Bolu Dağı tabelasını gördüğü anı kişisel yürüyüşündeki ’dönüm noktası’ olarak tanımlayan, dağdan inerken görsel olarak kendinden geçen ve suratında bir gülümsemeyle makinasını elinden bırakamayan da objektifin arkasındaki aynı Selahattin’di.
“Kemal beyin Bolu Dağı’ndan inerken daha büyük bir heyecanla insanları selamlaması, çocuklara el sallaması, slogan atması, çevrede piknik yapan, yemek yiyen insanların korteje katılarak destek vermesi, sabah inen sis, o manzara… Anlatacak kelime bulamıyorum, muhteşem bir şeydi…”
Kılıçdaroğlu ailesinin İstanbul’a yürüme kararını alan babalarına verdiği desteğin en yakın tanıklarından biri de Selahattin oldu. Kendisi Babalar Günü’nü oğlundan, bayramı ve kardeşinin nikahını ise ailesinden uzakta geçirse de, bütün yorgunluğuna rağmen nezaketi ve gülümsemeyi kesinlikle ihmal etmemesinden her zaman övgüyle bahsettiği Kemal Kılıçdaroğlu’nun ailesiyle birlikte attığı adımları takdir etmekten ve belgelemekten bir an bile geri durmadı.

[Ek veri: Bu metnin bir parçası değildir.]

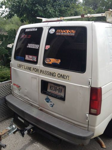 I have a 1995 Chevy Astro cargo van. This van has been my motorcycle race bike hauler. It is in fairly good condition. I have driven this van to various race tracks, from local to AL, GA, FL, and everything in-between. It has 4 fairly new tires (good tread). Van needs a little work here and there. New battery from Auto Zone, with warranty. The van started smoking (white smoke) one day and wouldn't start. I killed the battery, got a new one, but it never started after that. Van can be fixed or used to part out. It will have to be towed.
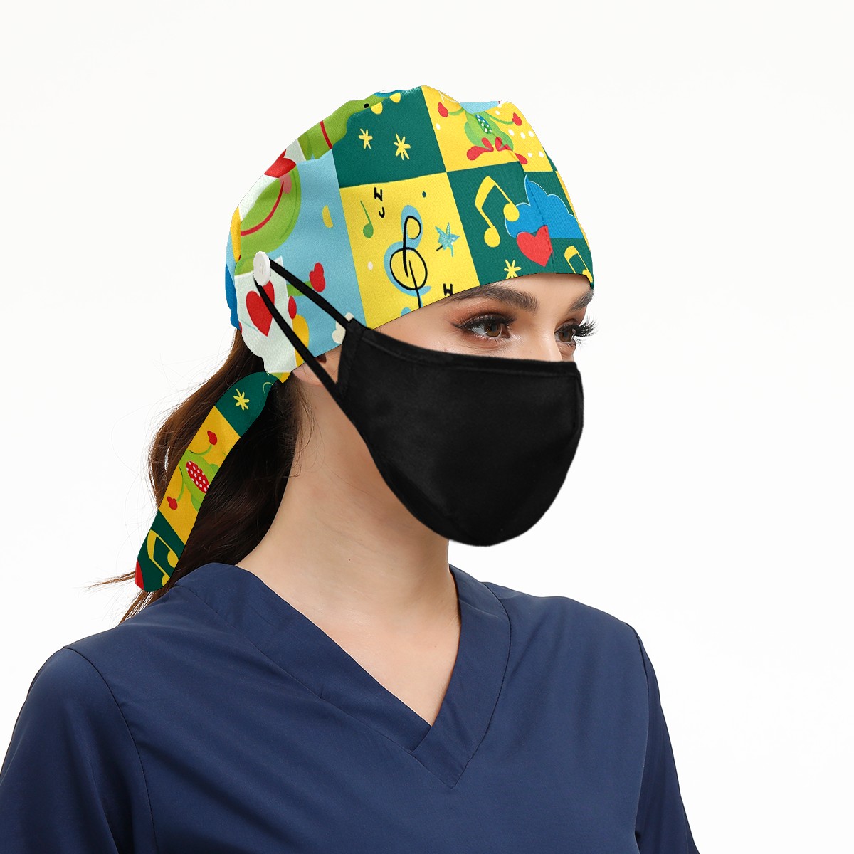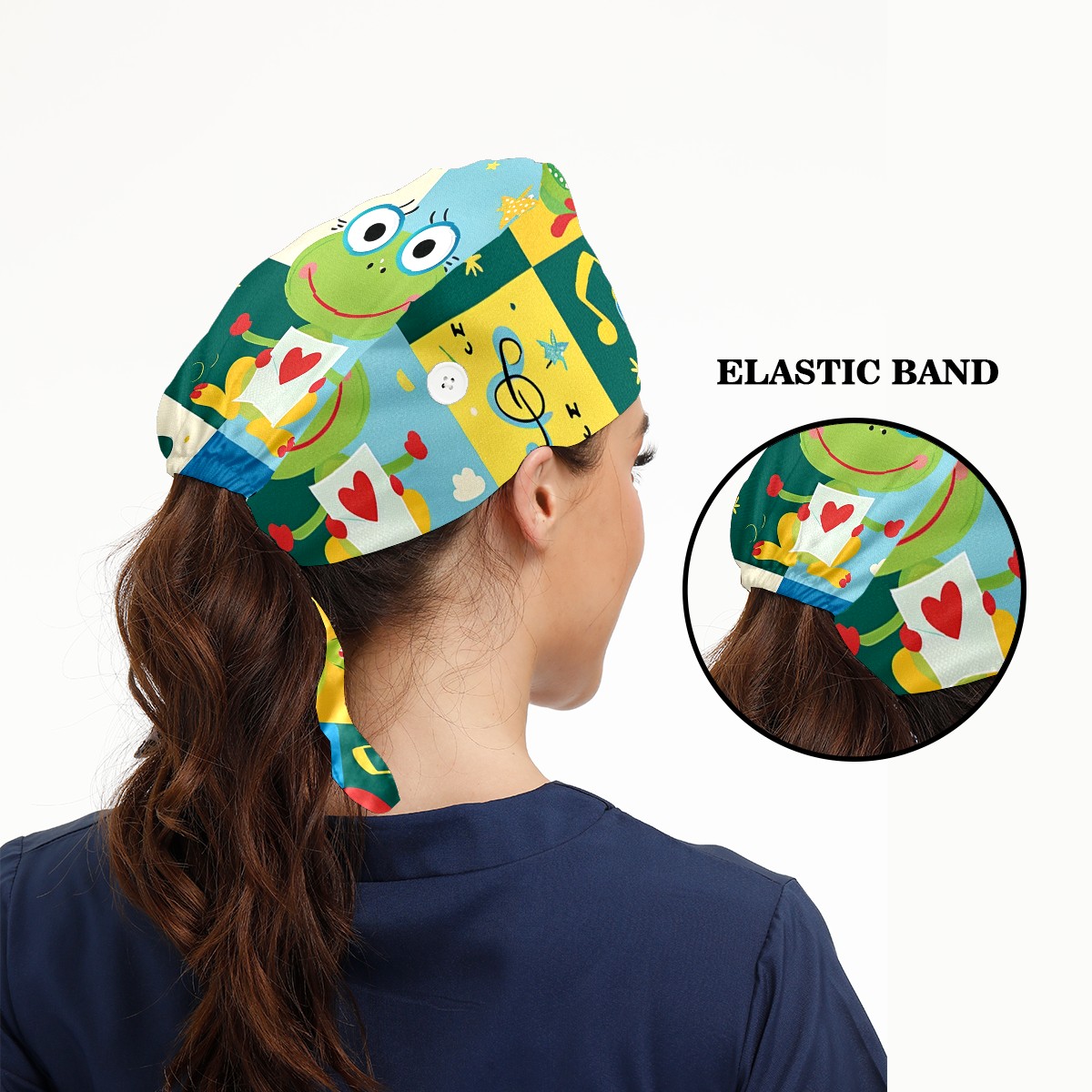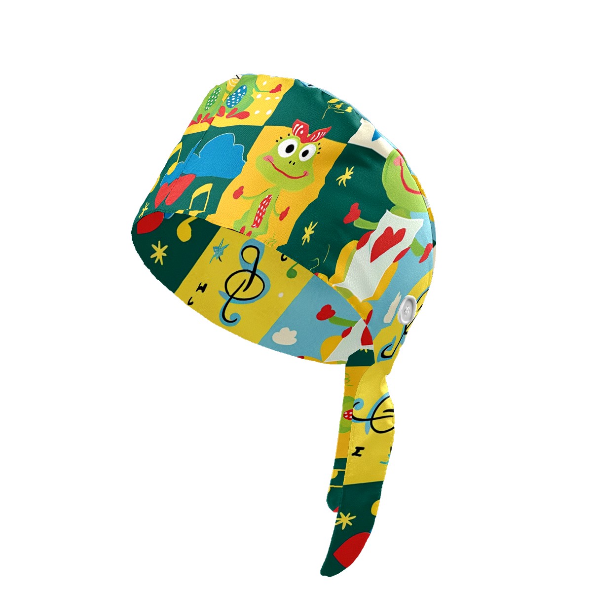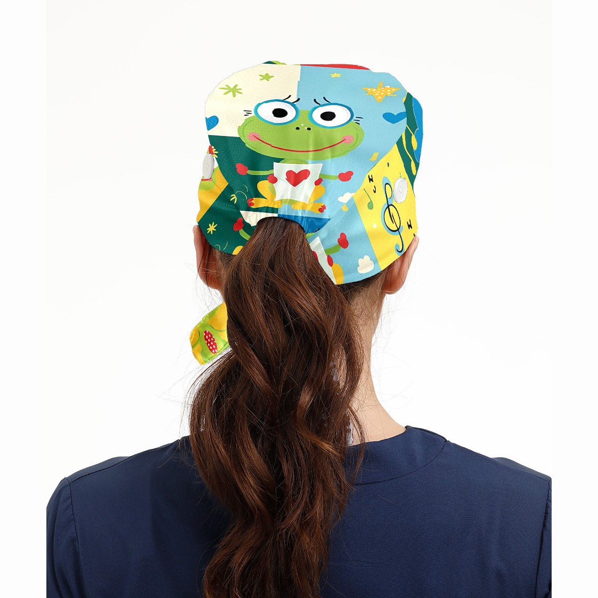 Working Caps with Button & Sweatband Satin Lined Cotton Adjustable Nurse Hats Elastic Band Scrub Cap Surgeon Hat Frog
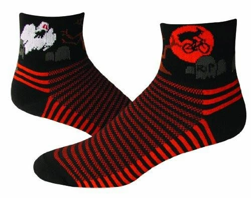 SOS Socks standard design is anything but standard. Save Our Soles uses core-spun COOLMAX fabric which is the best of both worlds; unsurpassed moisture management and LYCRA sport stability. SOS specific knitting machines place the COOLMAX fabric on the inside of the socks where it controls moisture from the foot; while the 3-ply nylon is used on the outside of the sock for strength and durability. The core-spun yarn is the most efficient way of knitting LYCRA fabric into the foot of the sock and still allow both the COOLMAX fabric and nylon to be sandwiched together. The cool designs are just a disguise; it’s a unique construction of the best materials and is unmatched anywhere.
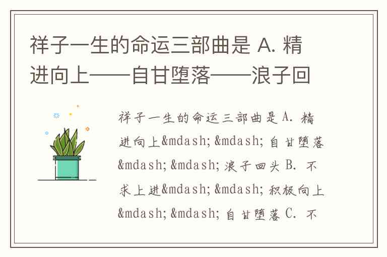 祥子一生的命运三部曲是 A. 精进向上——自甘堕落——浪子回头 B. 不求上进——积极向上——自甘堕落 C. 不求上进——有所奋发——积极向上 D. 积极向上——不甘失败——自甘堕落
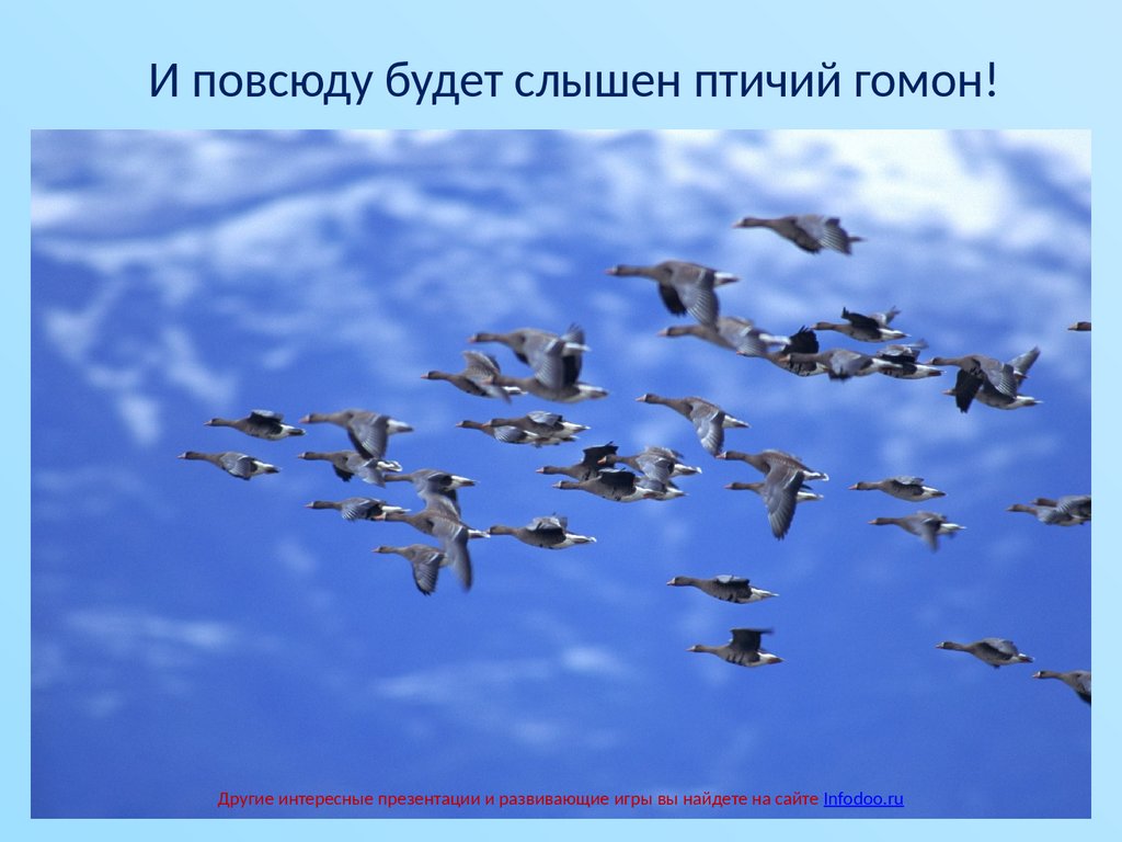 И повсюду будет слышен птичий гомон!Другие интересные презентации и развивающие игры вы найдете на сайте Infodoo.ru

“Babalar Günü’nü yolda geçirdik. Benim için bir baba olarak zordu, ilk defa oğlumla ayrıydık. Ama normalde haftasonunda kesinlikle erken uyanmayan oğlum, sabah 08.00’de beni aradı. Çok duygulandım. Sonrasında da Kemal beyin eşinin, oğlunun, kızlarının, gelininin yanında olduğunu gördüm. Bu da bana, bir babanın inanmasının yanında, ailesinin ona duyduğu güvenin ne kadar önemli olduğunu gösterdi. En zor anlarda babalarının koluna girip herkese bir ailenin birbirine nasıl kenetlenmesi gerektiğini gösterdiler, bu da fotoğraflara yansıdı zaten.”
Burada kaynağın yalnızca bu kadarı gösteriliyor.